Notices to you will be sent to the address that you identify on your account as your contact for notices. We may send notices and other information to you by email or other electronic form.

b. License Transfers and Assignment. You may not assign this agreement either in whole or in part or transfer licenses without our consent.

c. Applicable law and venue. This agreement is governed by the laws of Sweden. If we bring an action to enforce this agreement, we will bring it in the jurisdiction where you have your headquarters. If you bring an action to enforce this agreement, you will bring it in Sweden. This choice of jurisdiction does not prevent either party from seeking injunctive relief in any appropriate jurisdiction with respect to violation of intellectual property rights.

d. Entire agreement. This agreement is the entire agreement concerning its subject matter and supersedes any prior or concurrent communications.

e. Survival. The terms in Sections 1, 2.c., 2.e., 4, 5, 6, 7, and 8 will survive termination or expiration of this agreement.

f. Swedish export jurisdiction. The Products are subject to Swedish jurisdiction.

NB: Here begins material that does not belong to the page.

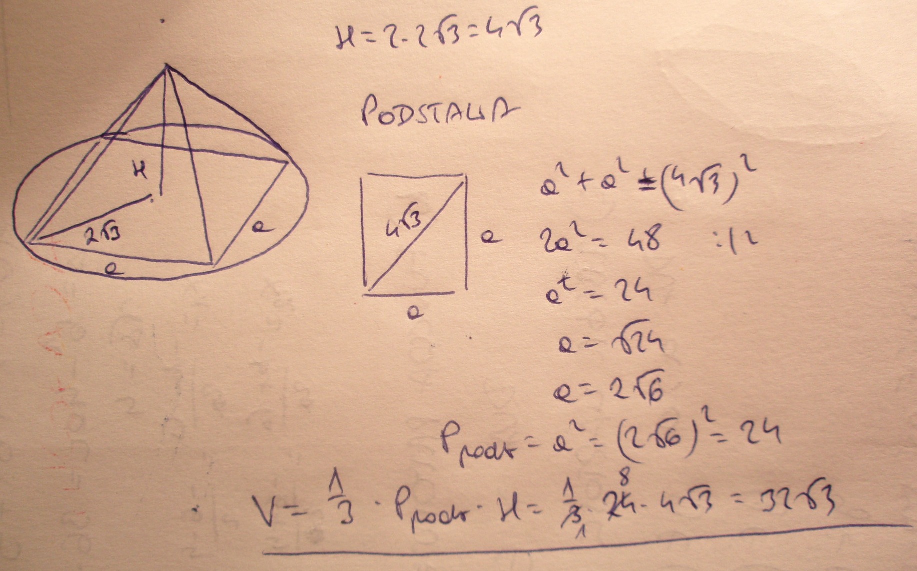 Dany jest ostrosłup prawidłowy czworokątny o promieniu okręgu opisanego na podstawie2 pierwistki z trzech i wysokości dwa razy większej . Oblicz objętość tego ostrosłupa?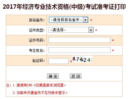 貴州省2017年中級經濟師準考證打印入口已開通

g. Force majeure. Neither party will be liable for any failure in performance due to causes beyond that party’s reasonable control (such as fire, explosion, power blackout, earthquake, flood, severe storms, strike, embargo, labor disputes, acts of civil or military authority, war, terrorism (including cyber terrorism), acts of God, acts or omissions of Internet traffic carriers, actions or omissions of regulatory or governmental bodies (including the passage of laws or regulations or other acts of government that impact the delivery of GHOST)). This Section will not, however, apply to your payment obligations under this agreement.

h. Contracting authority. If you are an individual accepting these terms on behalf of an entity, you represent that you have the legal authority to enter into this agreement on that entity’s behalf. If you specify an entity, or you use an email address provided by an entity you are affiliated with (such as an employer) in connection with a Subscription purchase or renewal, that entity will be treated as the owner of the Subscription for purposes of this agreement.

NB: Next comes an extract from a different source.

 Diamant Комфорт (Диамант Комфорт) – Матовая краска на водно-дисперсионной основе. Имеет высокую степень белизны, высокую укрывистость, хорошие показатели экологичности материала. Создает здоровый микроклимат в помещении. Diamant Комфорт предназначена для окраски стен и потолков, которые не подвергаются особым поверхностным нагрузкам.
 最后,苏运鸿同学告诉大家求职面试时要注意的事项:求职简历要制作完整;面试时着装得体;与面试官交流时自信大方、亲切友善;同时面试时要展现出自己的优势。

i. Government customers. Government customers should consult with us prior to acceptance. By accepting this agreement, you represent that you have complied and will continue to comply with all applicable laws and governmental procurement requirements.

9. Definitions.

Any reference in this Agreement to “day” will be a calendar day.

“Affiliate” means any legal entity that a party owns, that owns a party, or that is under common ownership with a party. “Ownership” means, for purposes of this definition, control of more than a 50% interest in an entity.

“Consumption Offering”, “Commitment Offering”, or “Limited Offering” describe categories of Subscription offers and are defined in Section 2.

“End User” means any person you permit to access Customer Data hosted in GHOST or otherwise use GHOST, or any user of a Customer Solution.

“Managed Service Solution” means a managed IT service you provide to a third party that consists of the administration of and support for GHOST.

“Offer Details” means the pricing and related terms applicable to a Subscription offer, as published in the Portal.

“Previews” means preview, beta, or other pre-release version or feature of the GHOST or Software offered by Ghost to obtain customer feedback.

“Portal” means the GHOST’ respective web sites that can be found at http:/ghostnodes.com/.

“SLA” means the commitments we make regarding delivery and/or performance of an Online Service, as published at https://ghostnodes.com/.

“Subscription” means an enrollment for GHOST for a defined Term as specified on the Portal. You may purchase multiple Subscriptions, which may be administered separately, and which will be governed by the terms of a separate GHOST Subscription Agreement.

“Term” means the duration of a Subscription (e.g., 30 days or 12 months).